Let's be fair here. Lanier seems like a smart enough guy, even if his choice of hairstyle -- he appears on the book's flap in a thinker's pose, with his dreadlocks running past chest level and on to the great beyond -- is more suited to an aspiring grunge artist than an Internet visionary. Fittingly, then, he actually enjoys playing the oud and even frequents an online forum that serves as a virtual community for the instrument's fan base. Of the forum, he says, "There's a bit of a feeling of paradise about it. You can feel each participant's passion for the instrument, and we help one another become more intense."

Indeed, Lanier's intensity -- his passion for rescuing the individual voices from the clutches of impersonal cyberspace -- is to be admired, even if the object of his rigor is perplexing. His thesis, that the digital era's explosion has created ways of thinking about and interacting with technology that portend disaster down the road, is not particularly convincing. And while he could never be accused of boring his readers, one could easily charge him with alarmism.

The author ably explains the dangers of "lock-in," the process in which an arbitrary digital convention -- organizing computer data into virtual files and folders, using MIDI as the industry standard for digital music representation, etc. -- becomes so ingrained in culture and thought that it is nearly impossible to reverse. What Lanier never quite masters, however, is just why certain accepted standards, most notably the open-source movement and crowd-sourcing, are so malignant. Technology's purpose, he lectures, is to adapt to and serve human beings; he worries that the sudden and widespread advent of the Internet has given rise to the opposite being the case, as we have now become willingly subservient to machines, adapting to their whimsies instead of demanding tools that do not require a degradation of human intelligence.

It is in this vein that he alludes to Wikipedia, a site he admits to using himself but whose implicit founding principle -- the more contributors, the more closely we approach truth -- he derides with vivacity. "The 'wisdom of crowds' effect should be thought of as a tool," Lanier writes. "The value of a tool is in accomplishing a task. The point should never be the glorification of the tool...There's an odd lack of curiosity about the limits of crowd wisdom." He has a point, but not much of one. It is true, for example, that, as Lanier notes, most breakthroughs in modern technology have been delivered under the auspices of for-profit corporations (i.e. Microsoft Windows, the iPod, digital camera, etc.). And that such innovations are sorely lacking in the domain of open-sourcers is cause for reflection, although not necessarily concern.

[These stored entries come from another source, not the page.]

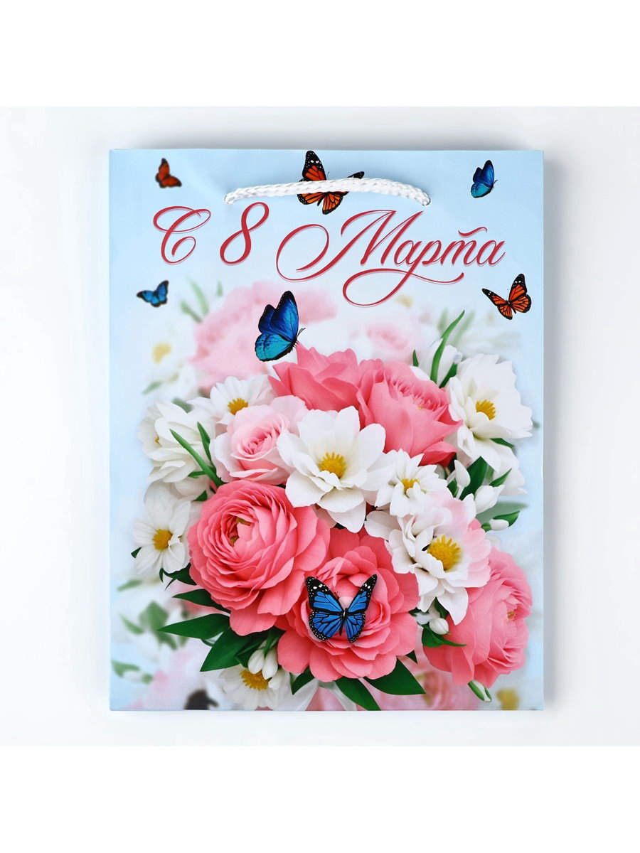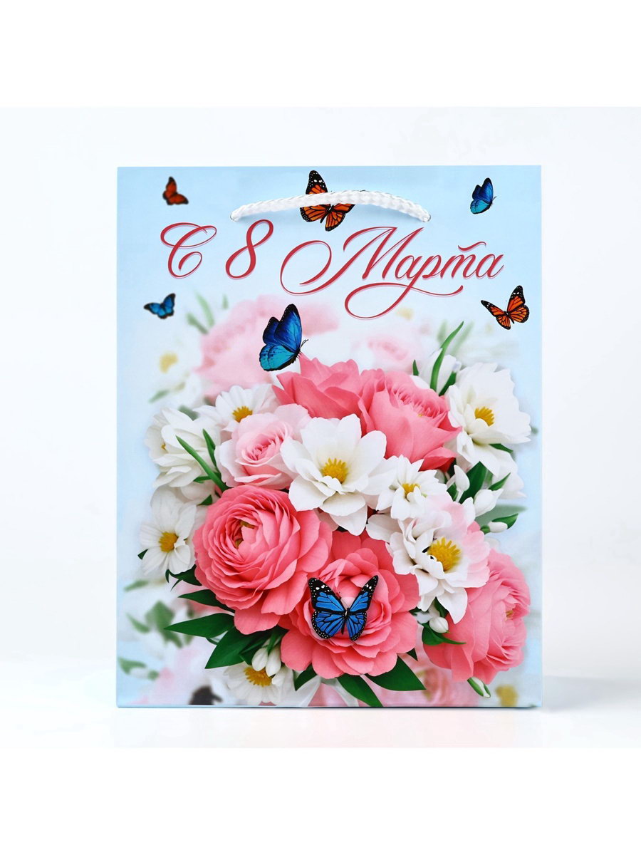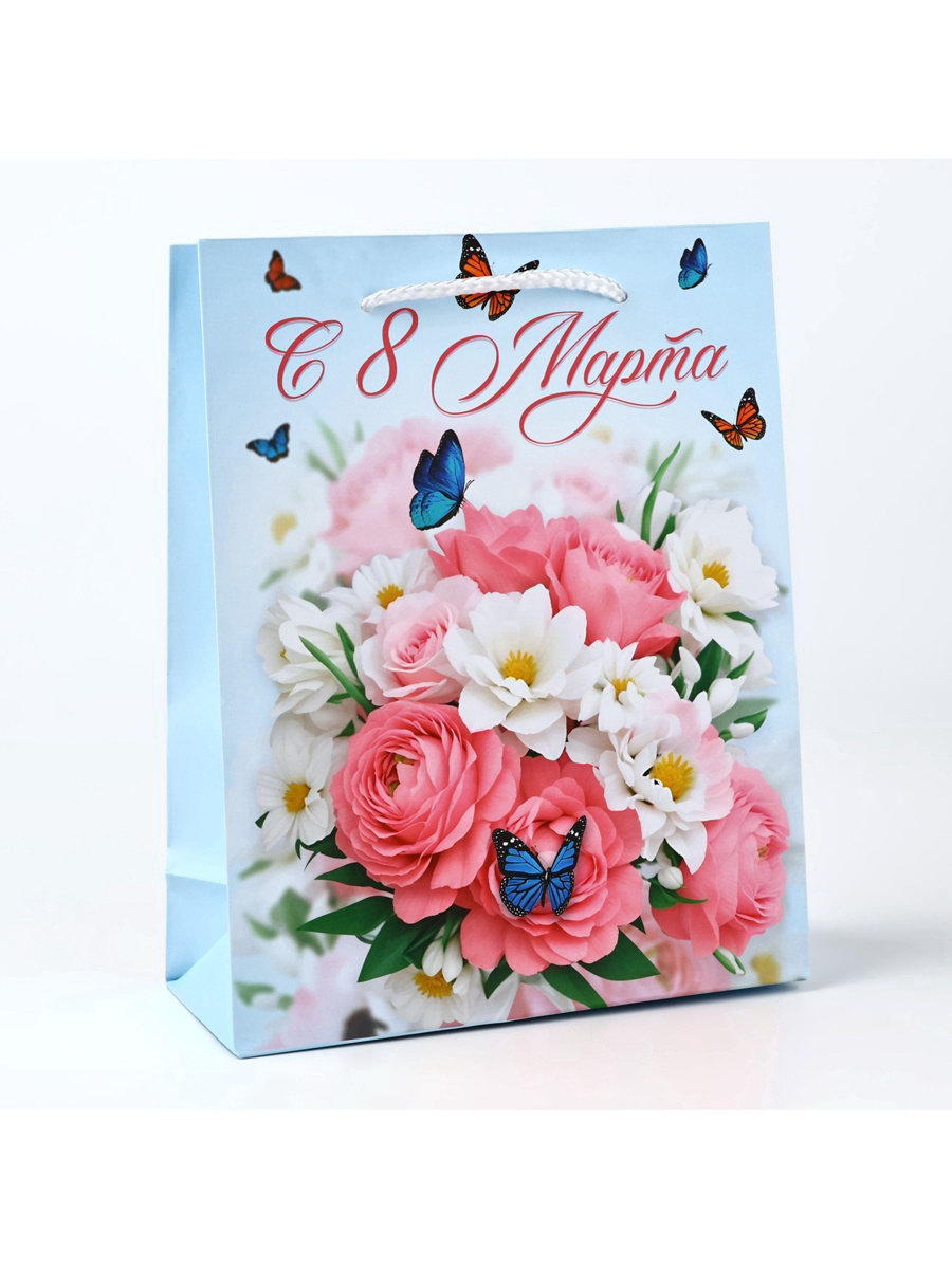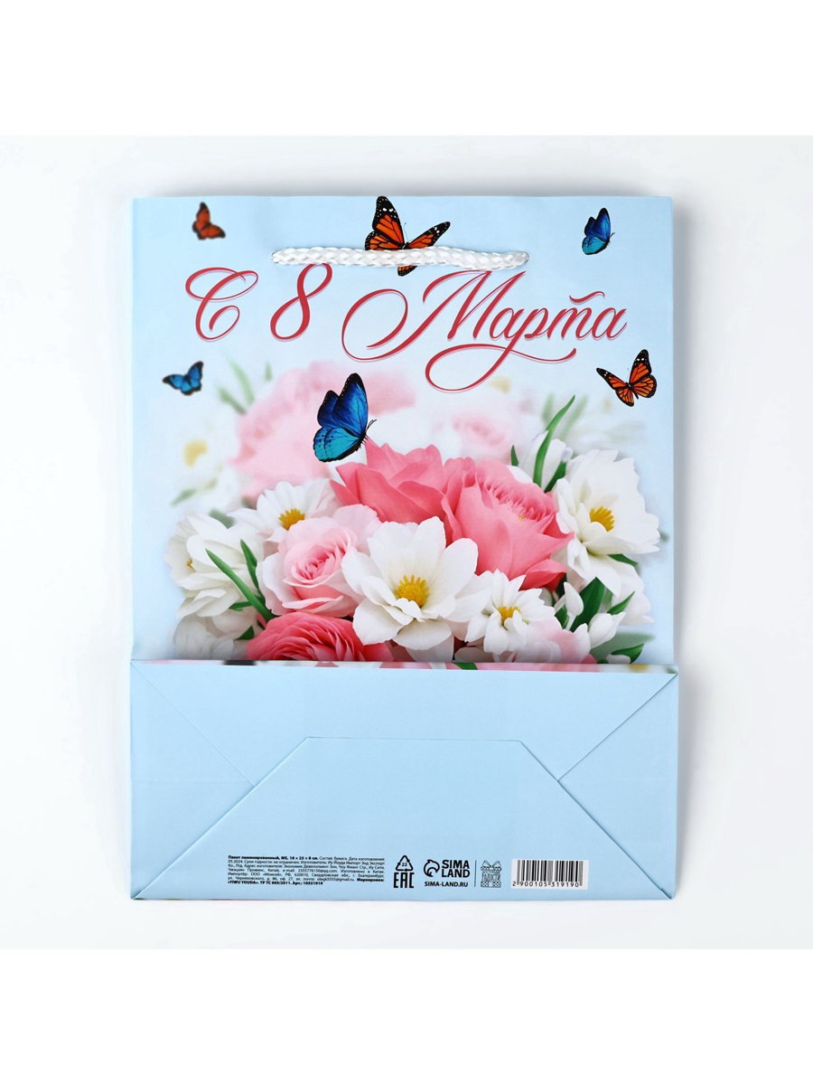 Пакет подарочный ламинированный "С 8 марта", MS 18 x 23 x 8 см, 8x18x23 см., Доступные Радости, Китай
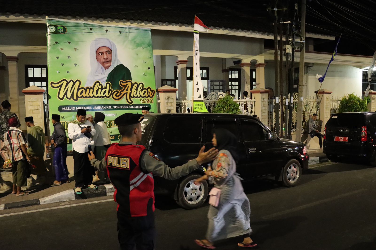 Majalengka, Polres Majalengka laksanakan pengamanan di acara Maulid Akbar 1445 H di Masjid Miftahul Jannah Kelurahan Tonjong Majalengka, Senin (25/9/2023).
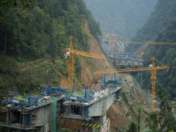 正在加緊建設的巴陜高速四川南江段1173米長的石橋河特大橋
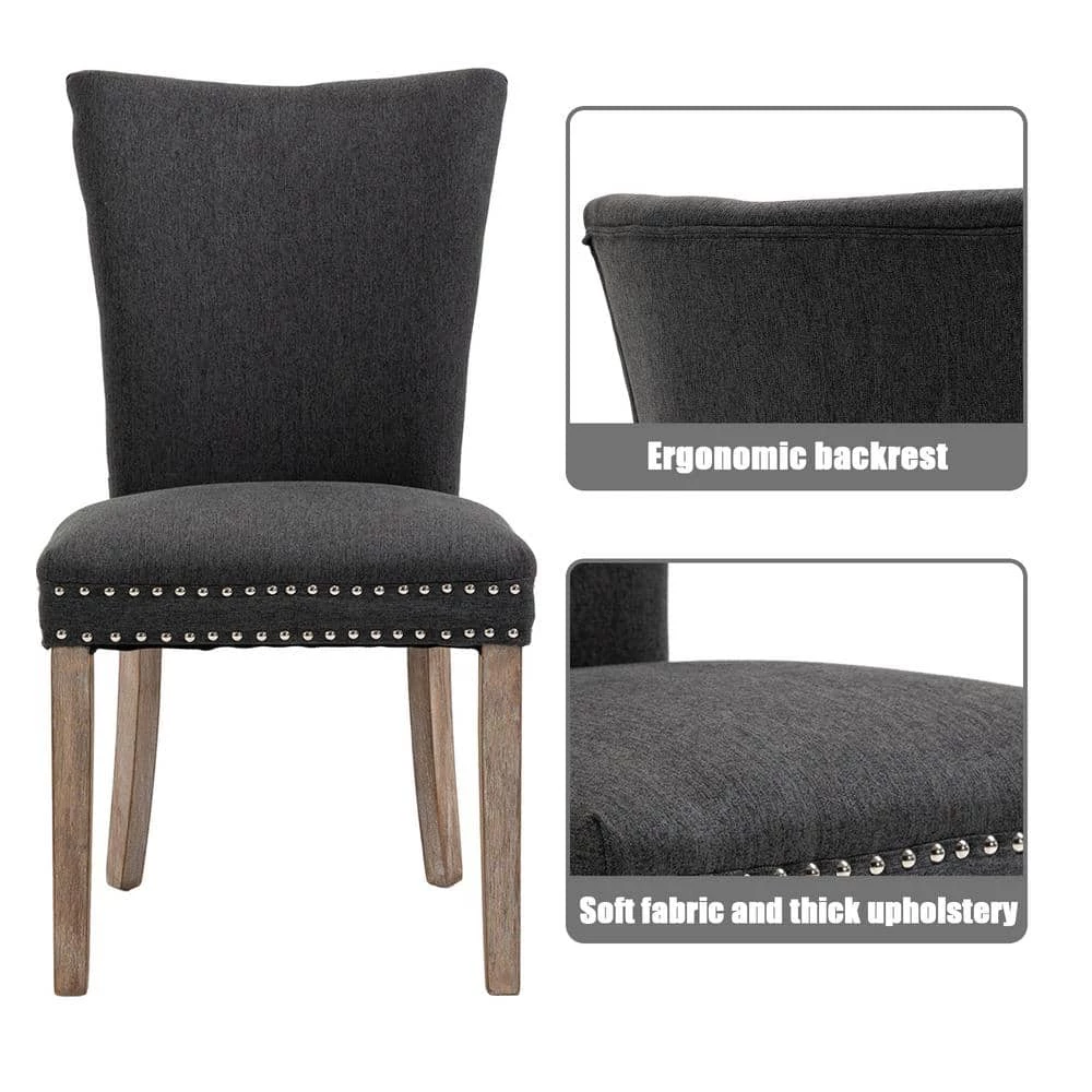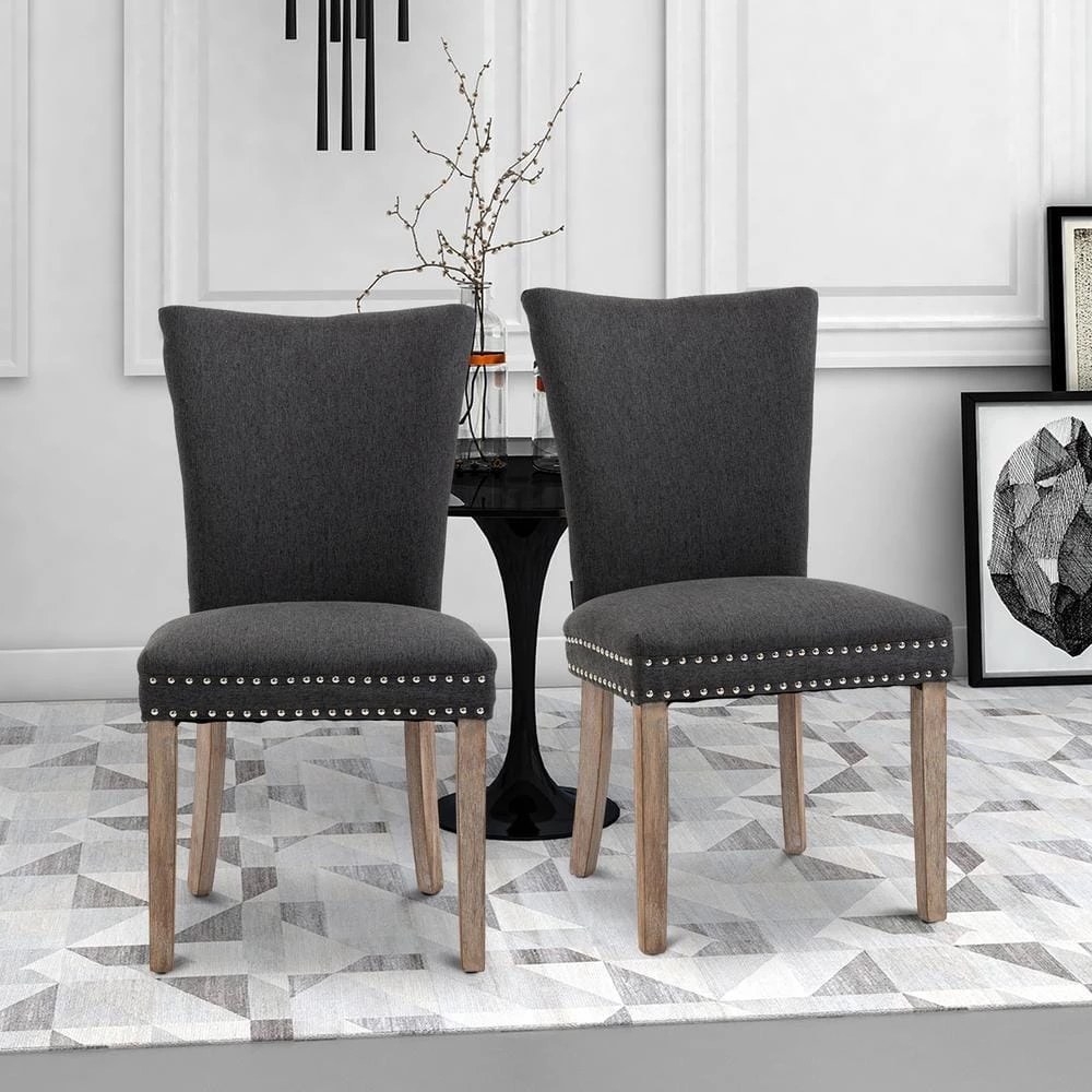 Simple yet elegant and chic, with sleek curves. It also has signature silver nailhead trim, dense foam padding, fine fabric upholstery and wooden legs. This dining chair is perfect for the modern home and resonates with elegance and charm.
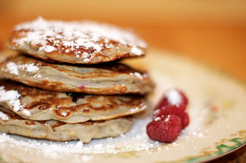 Beat egg, add milk and oil. Sift all purpose flour, sugar, baking powder, soda and salt; add along with whole wheat flour and oats to liquid. Mix just until mixed. Very good with a mashed ripe banana and chopped pecans or walnuts.
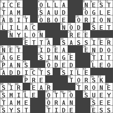 ACROSS 1. Frozen water 4. Rounded earthenware pot or jar 8. A home for chicks 12. Scottish cap 13. Saudi Arabian king (1953-1964) 14. Stare at amorously 15. "This won't hurt ____!" 17. Mitch Miller's instrument 18. Constellation of myth 19. Pale purple color 21. Allow head to fall sleepily 23. Arrange properly for use 24. Thermoplastic polyamide 26. To sift 28. Singer James 30. More disrespectful 34. Fish or hair follower 37. It may be bright or harebrained 39. Inside; within (prefix) 40. Personal question 41. Scorch 43. Teat (slang) 44. Zero-star reviews 46. Wrote a lyric poem 47. Lion 48. Inveterate users 51. Drop; flow; fall 54. Before (prefix) 55. Cod relative 58. Title for a knight 61. Ewer handle 63. Marketplace scale 65. Grin 67. Von Bismarck 71. Chop _ 72. Not wild 73. NW Algerian seaport 74. Perceive with the eye 75. System (abbr.) 76. Periodic rise and fall of the sea level 77. Curvy letter DOWN 1. Slanted text style (abbr.) 2. Small house or cottage 3. Poet Dickinson 4. Bear (Spanish) 5. Experiment locale 6. Nilotic language 7. Arabian gulf 8. Or not 9. The front part of a cuirass 10. A type of plum 11. Portable shelter 16. Story 18. Lyric poems 20. Small bed 22. Mouth or opening 25. Nuclear Threat Initiatives 27. Compass dir. 29. Goodbye (Sp.) 30. Gurus 31. International (abbr.) 32. Singer Brickell 33. Printing process, for short 34. California wine valley 35. Mild oath 36. Be inclined (to) 38. Conclude 42. Prepare for publication 45. Small drink 49. Algonquian 50. Beverage made from leaves 52. Car dealer's back yard 53. Blunders 56. Boozer 57. Leg joints 58. Fast planes 59. "If ____ say so..." 60. Basketball hoops 62. Carrot, for example 64. Sight organs 66. Allow 68. Three (prefix) 69. Small boy 70. Single
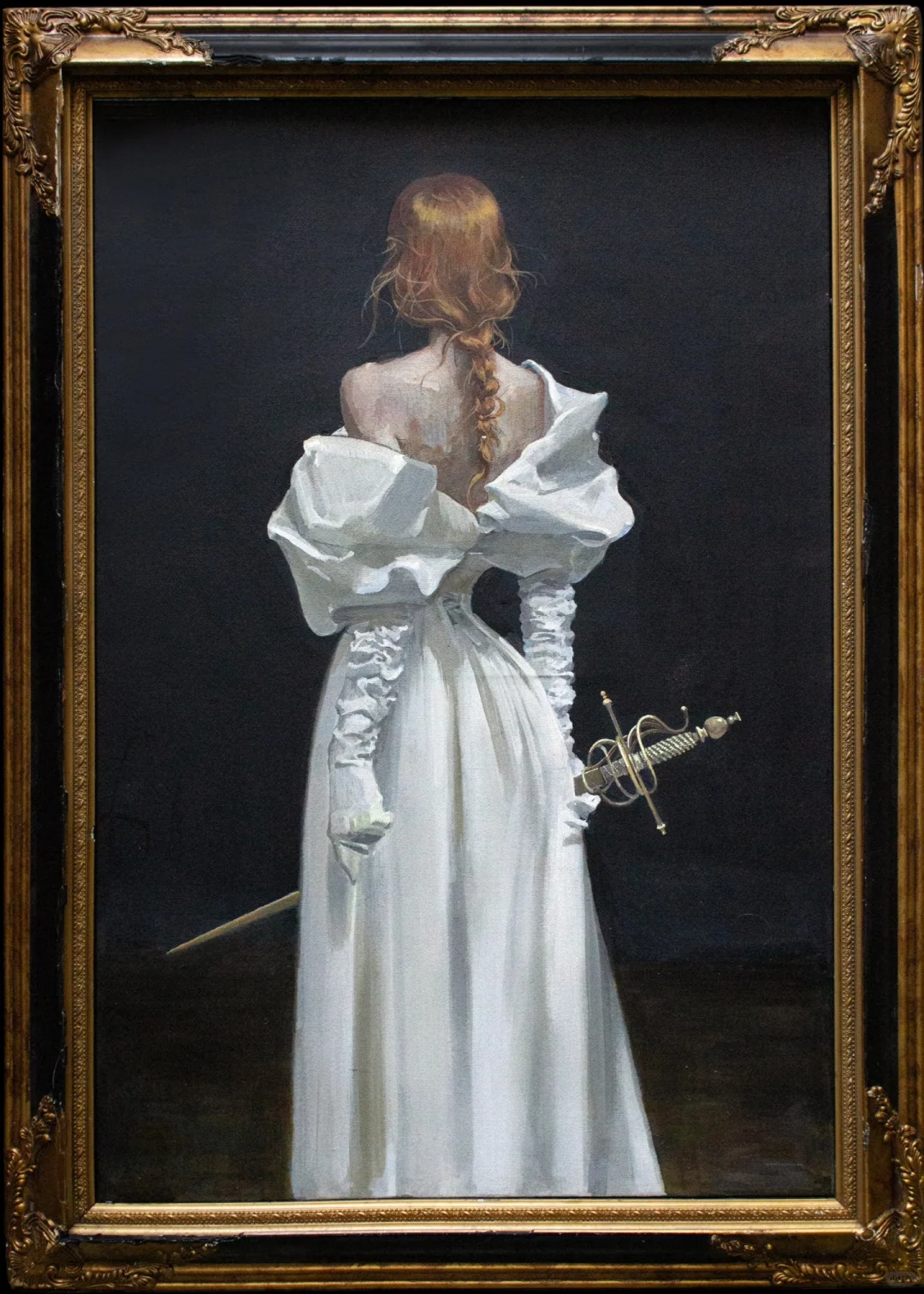 当我们凝视画中女性的背影时,看到的不仅是一幅复古风格的油画,更是女性主义在视觉艺术中的一次深刻宣言:
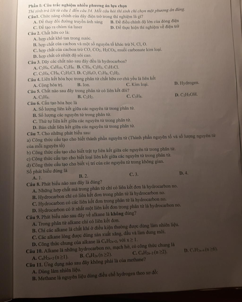 Thi sinh trả lời từ câu 1 đến câu 34. Mỗi câu hỏi thí sinh chỉ chọn một phương án đúng.

However, what the author consistently misses (or perhaps chooses to ignore) is the innate ingenuity of human beings, regardless of their provided tools. In a section discussing the impact of the file-sharing era on musicians, Lanier writes, "If we choose to pry culture away from capitalism while the rest of life is still capitalistic, culture will become a slum." Above all, he is concerned with our collective loss of free spirit, but he fails to notice, for example, the consistent ability of the young to bypass and defeat ever more stringent regulations by those in the business of enforcing digital rights management. First, there was Napster; after being brought low, it emerged as a legal, paid music service. File-sharing clients sprouted up one after the other, with new entrants following quickly on the heels of those brought to an end via litigation. Even Radiohead's novel idea of giving away music for free, which Lanier claims does not "fill me with hope for the future," is actually proof that people are continuing to exhibit an entrepreneurial spirit by forming new and inventive solutions to existing problems. These are not the products of unqualified and inexpert crowds, but the brainchildren of creative, ambitious individuals. Jaron Lanier may not be a Luddite, but his dire warnings of future doom are a bit anachronistic. I can only wonder what he'd think of the iPad.